*Task instructions*.
In the records below, find the line that contains "Per conèixer en" and the line that contains "ex) jdbc:h2:~/study/h2/data/my-db-test"; write out exactly those two lines and everything between them, without the pictures.

*Records for the exercise*.
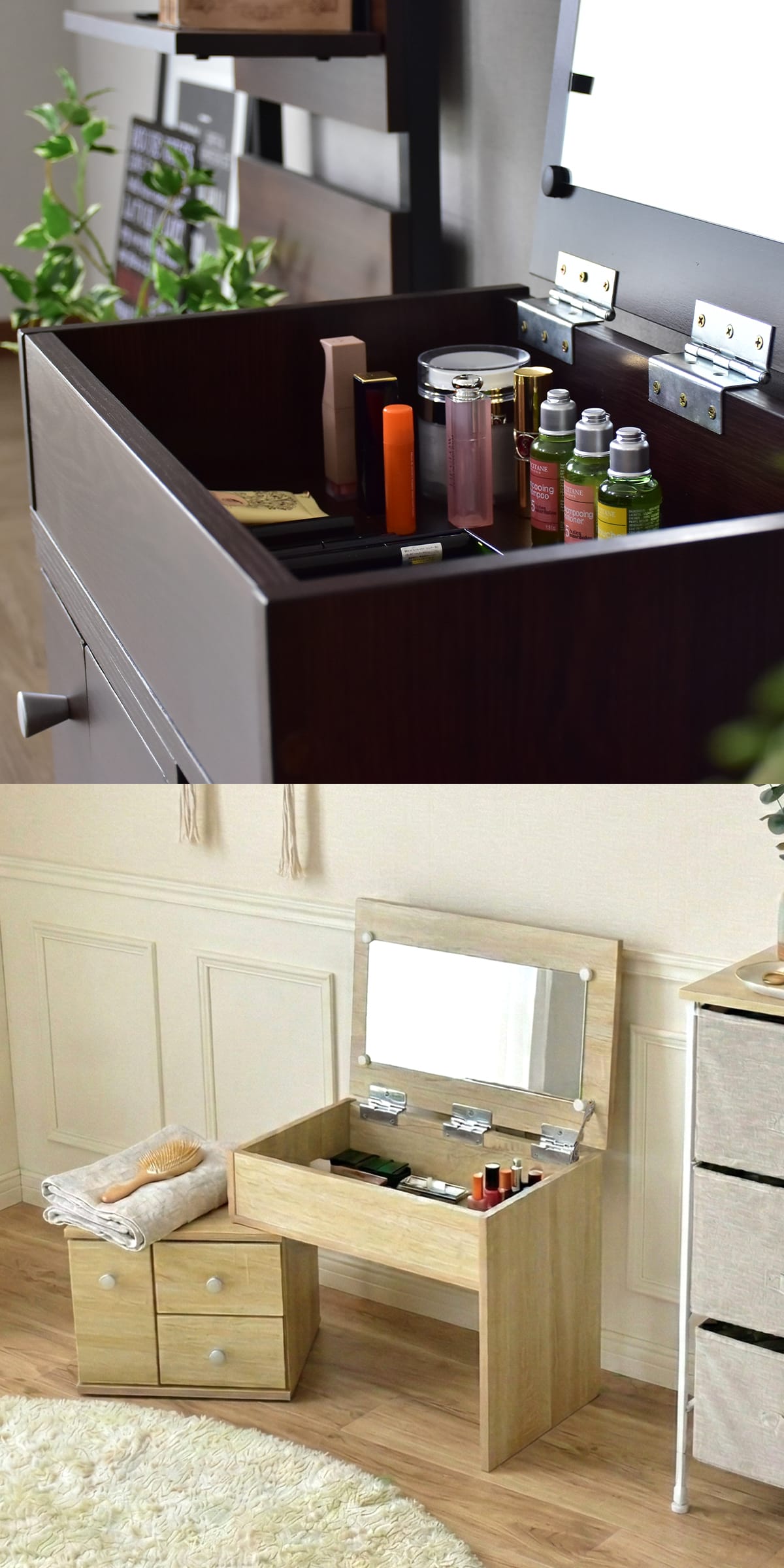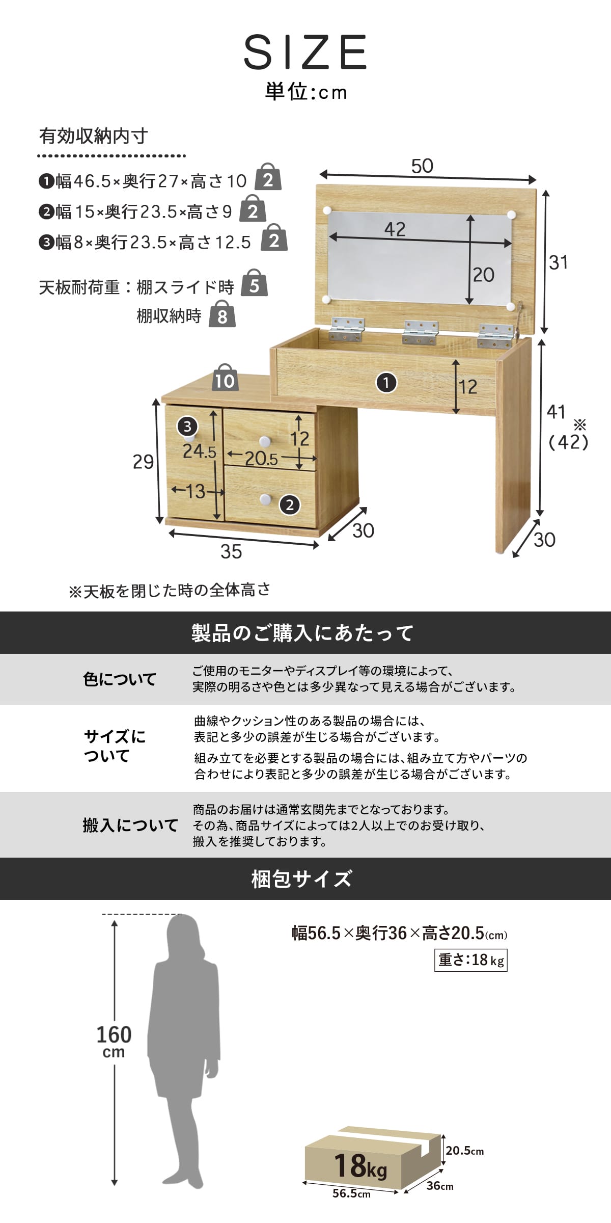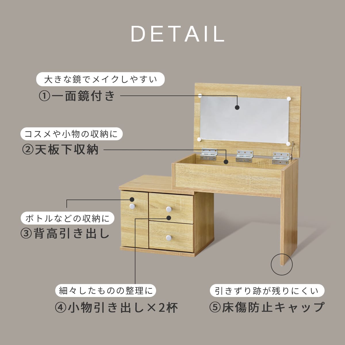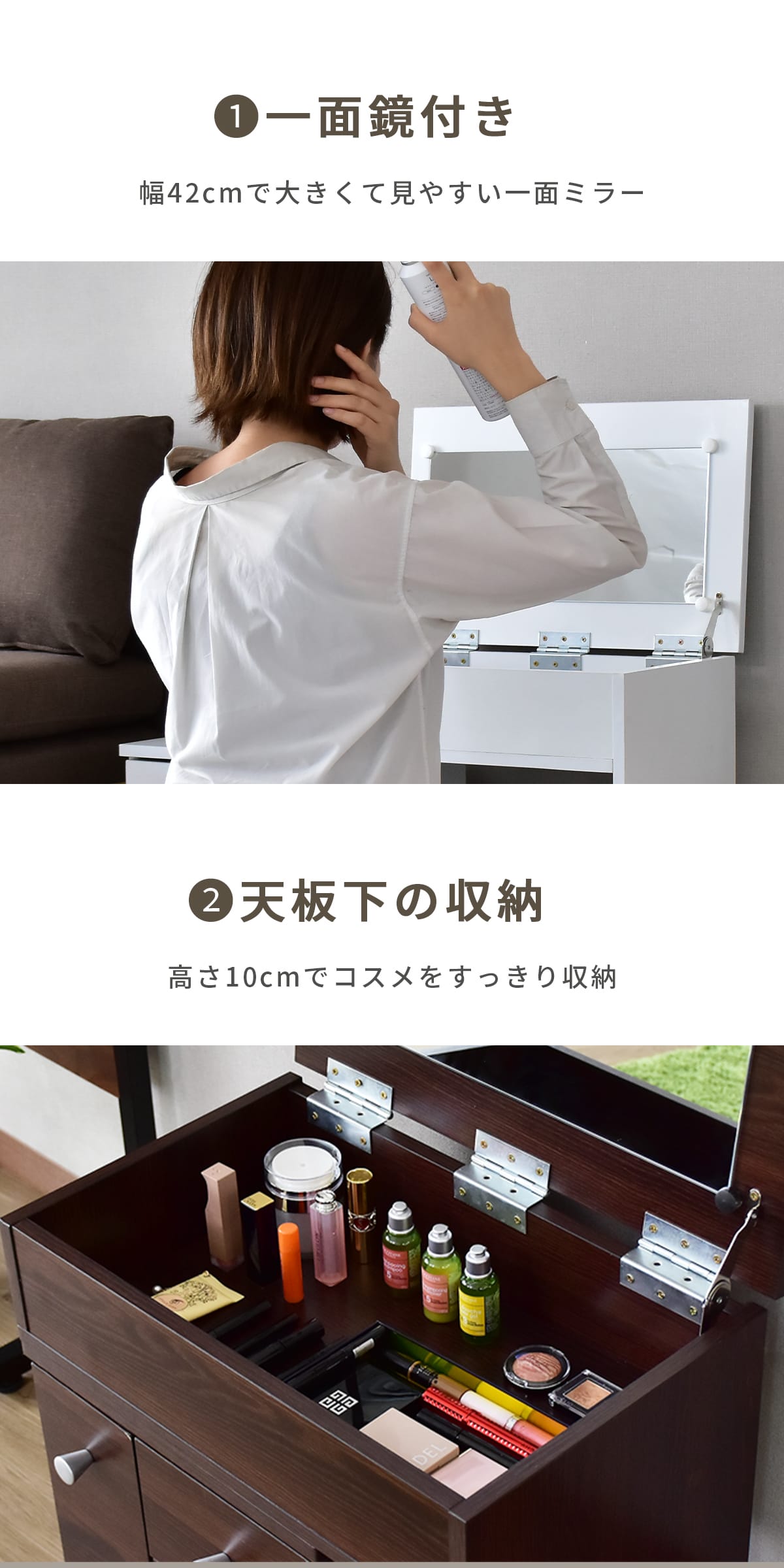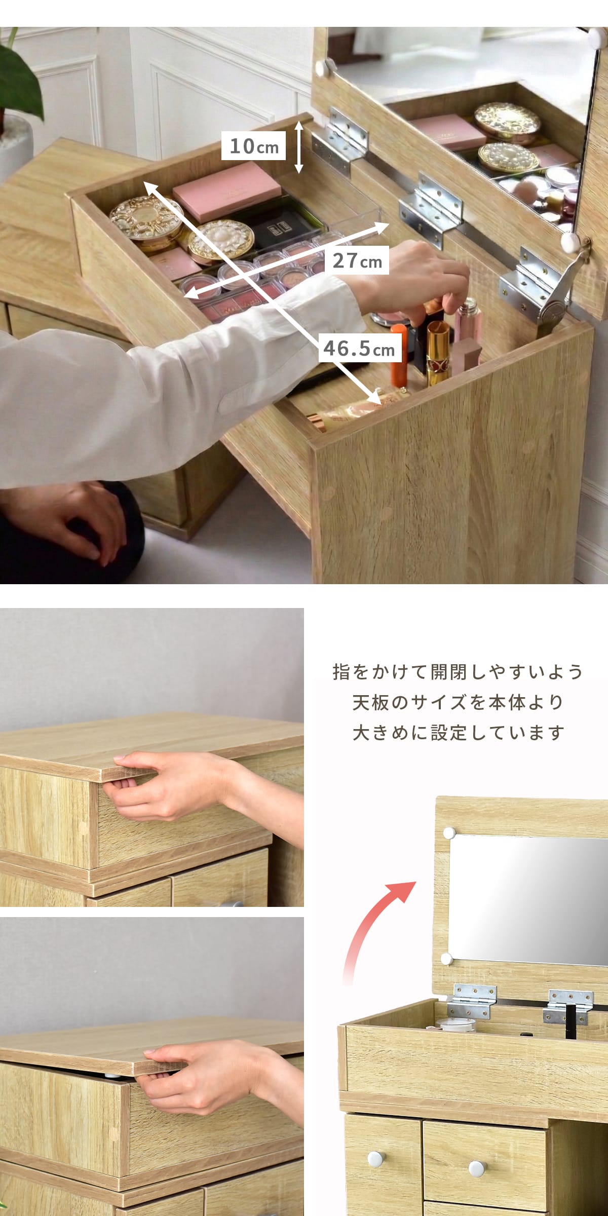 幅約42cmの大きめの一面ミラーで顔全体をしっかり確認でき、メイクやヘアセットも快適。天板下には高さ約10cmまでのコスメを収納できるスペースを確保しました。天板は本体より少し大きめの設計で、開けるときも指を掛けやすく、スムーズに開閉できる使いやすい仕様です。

* * *

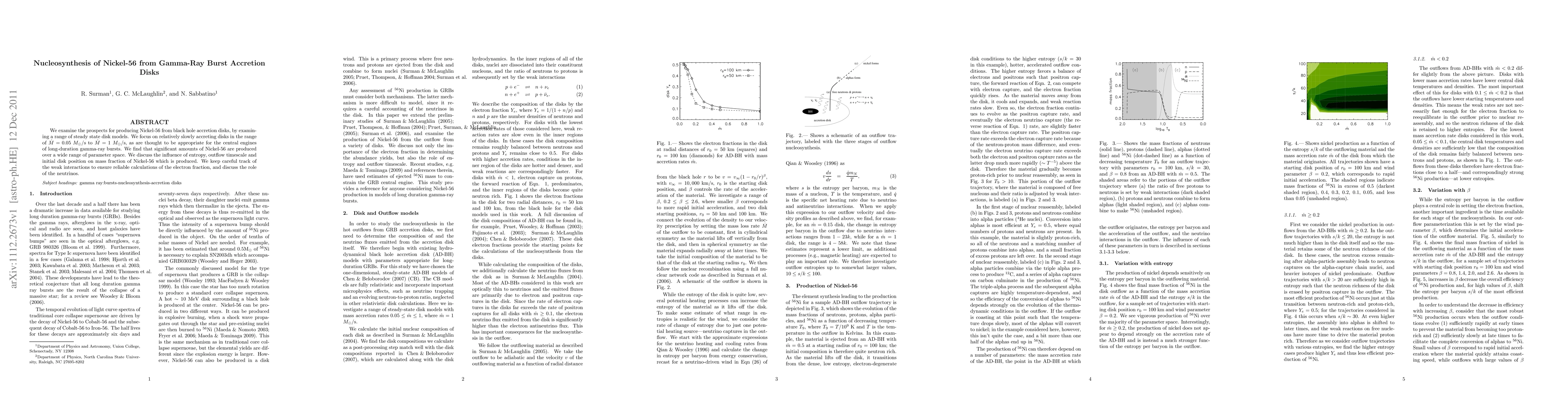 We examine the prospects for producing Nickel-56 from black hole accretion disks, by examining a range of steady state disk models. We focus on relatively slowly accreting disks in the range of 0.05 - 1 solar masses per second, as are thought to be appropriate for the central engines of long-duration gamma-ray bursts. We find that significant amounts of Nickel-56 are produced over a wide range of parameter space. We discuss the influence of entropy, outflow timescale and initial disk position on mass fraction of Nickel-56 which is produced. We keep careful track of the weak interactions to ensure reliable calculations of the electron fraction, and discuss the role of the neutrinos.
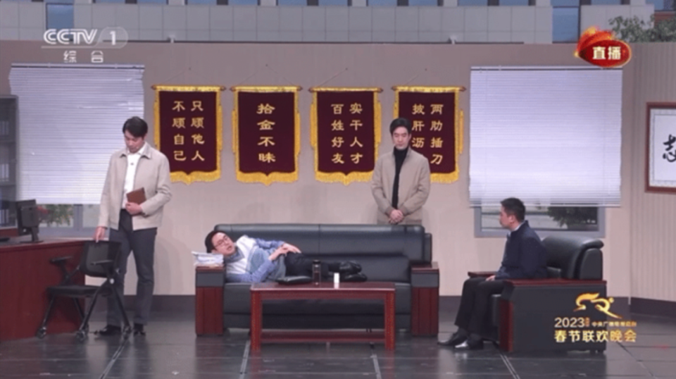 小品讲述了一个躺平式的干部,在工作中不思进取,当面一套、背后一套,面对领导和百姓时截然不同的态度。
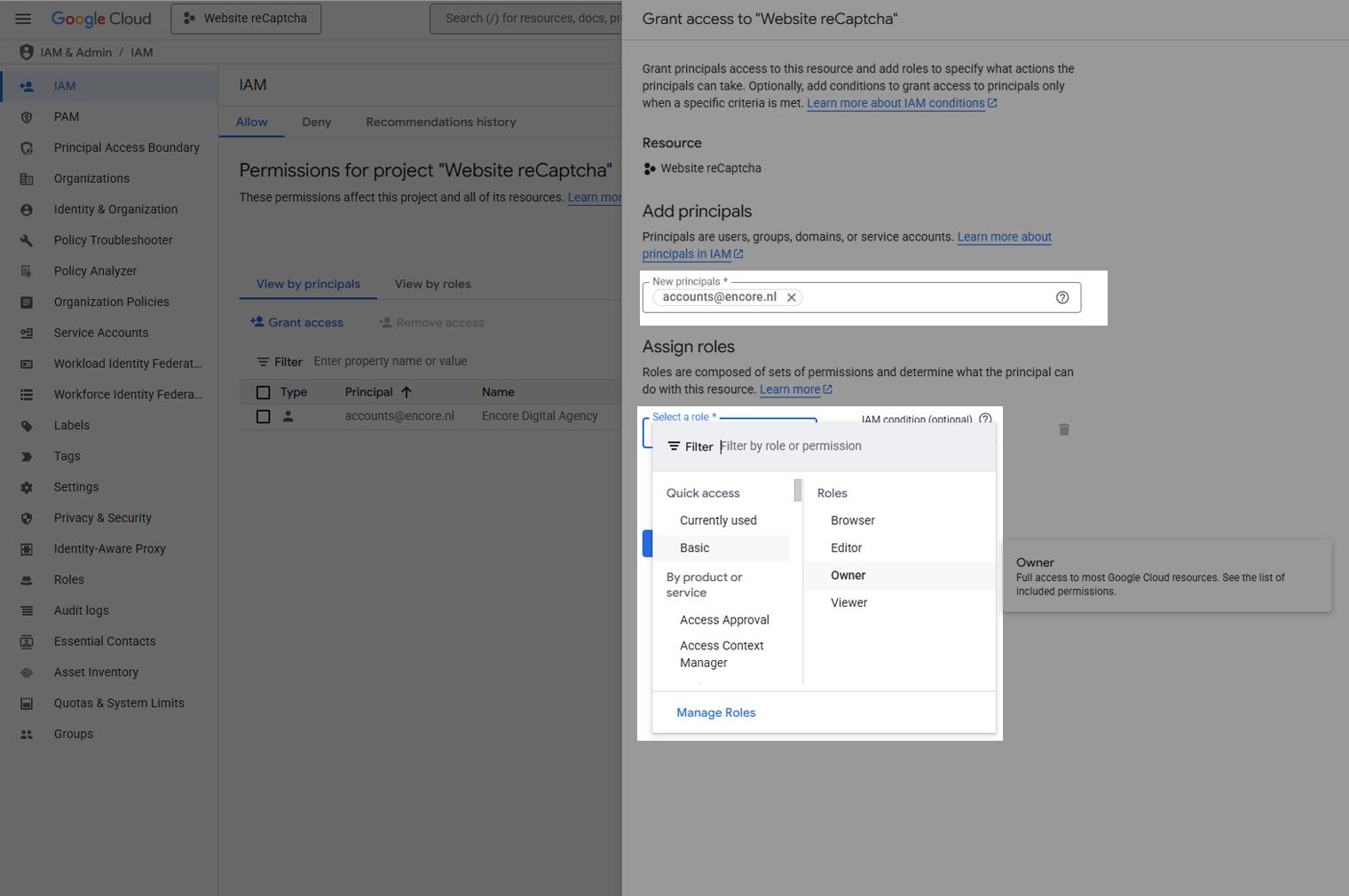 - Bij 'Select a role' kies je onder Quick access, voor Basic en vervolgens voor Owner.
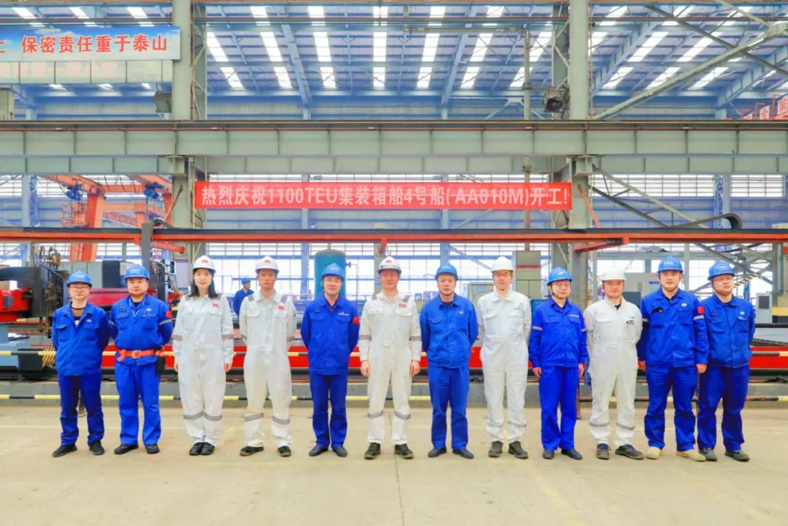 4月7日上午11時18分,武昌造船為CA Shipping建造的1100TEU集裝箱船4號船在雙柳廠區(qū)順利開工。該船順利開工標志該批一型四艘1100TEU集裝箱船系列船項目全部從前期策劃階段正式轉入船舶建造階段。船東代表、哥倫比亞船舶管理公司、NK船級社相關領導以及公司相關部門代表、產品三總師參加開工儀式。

---

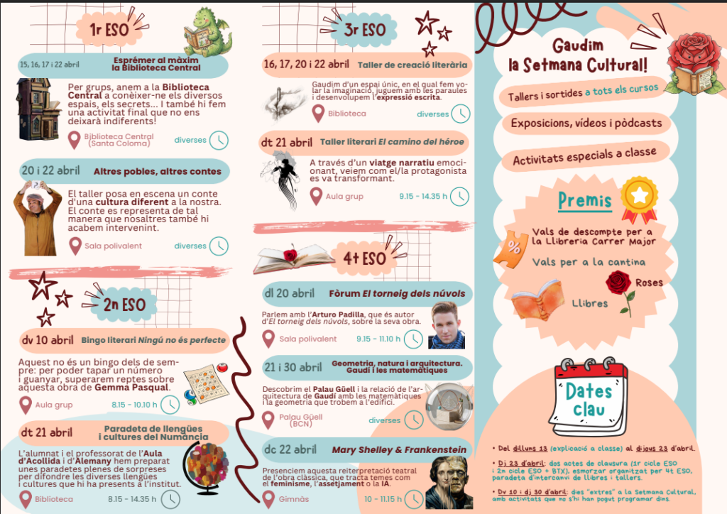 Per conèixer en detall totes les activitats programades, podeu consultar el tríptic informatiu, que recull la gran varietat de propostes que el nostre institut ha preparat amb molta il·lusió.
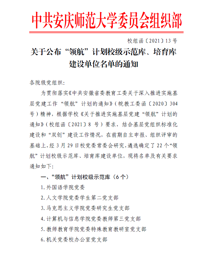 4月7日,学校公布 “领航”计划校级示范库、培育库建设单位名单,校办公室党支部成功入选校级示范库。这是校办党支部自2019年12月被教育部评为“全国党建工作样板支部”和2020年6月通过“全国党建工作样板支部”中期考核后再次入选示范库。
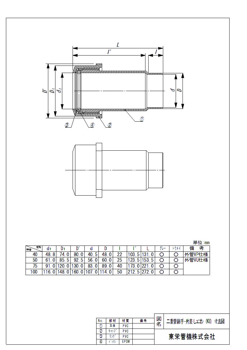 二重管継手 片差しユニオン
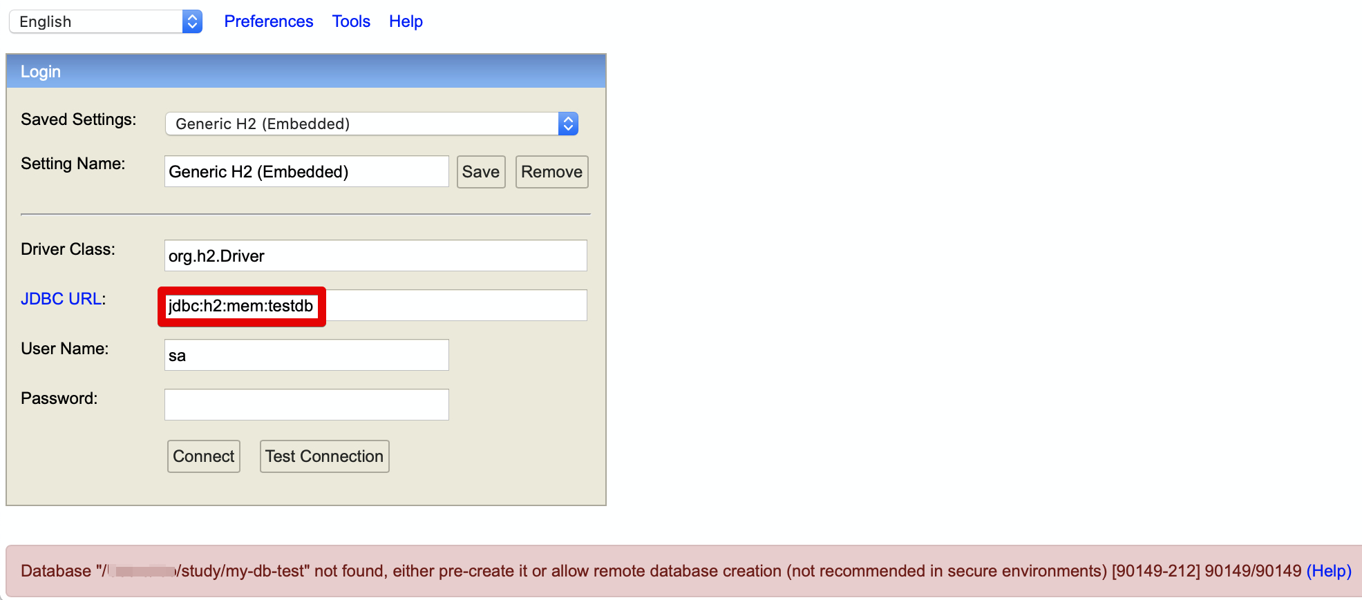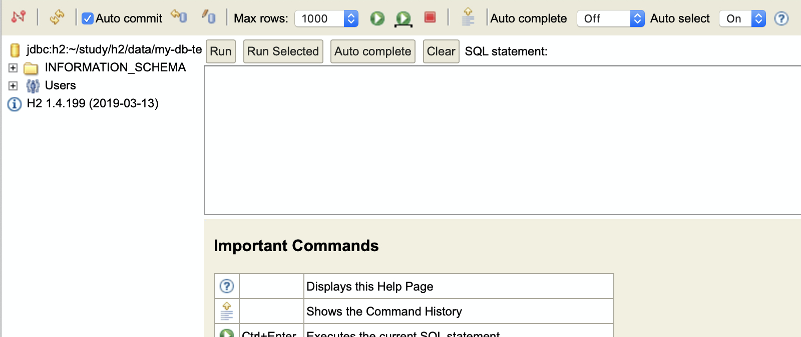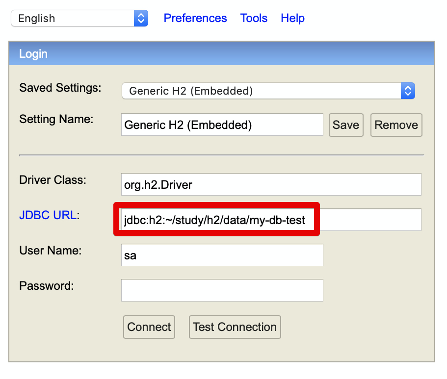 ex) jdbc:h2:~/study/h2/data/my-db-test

*Expected output*.
 Per conèixer en detall totes les activitats programades, podeu consultar el tríptic informatiu, que recull la gran varietat de propostes que el nostre institut ha preparat amb molta il·lusió.
 4月7日,学校公布 “领航”计划校级示范库、培育库建设单位名单,校办公室党支部成功入选校级示范库。这是校办党支部自2019年12月被教育部评为“全国党建工作样板支部”和2020年6月通过“全国党建工作样板支部”中期考核后再次入选示范库。
 二重管継手 片差しユニオン
 ex) jdbc:h2:~/study/h2/data/my-db-test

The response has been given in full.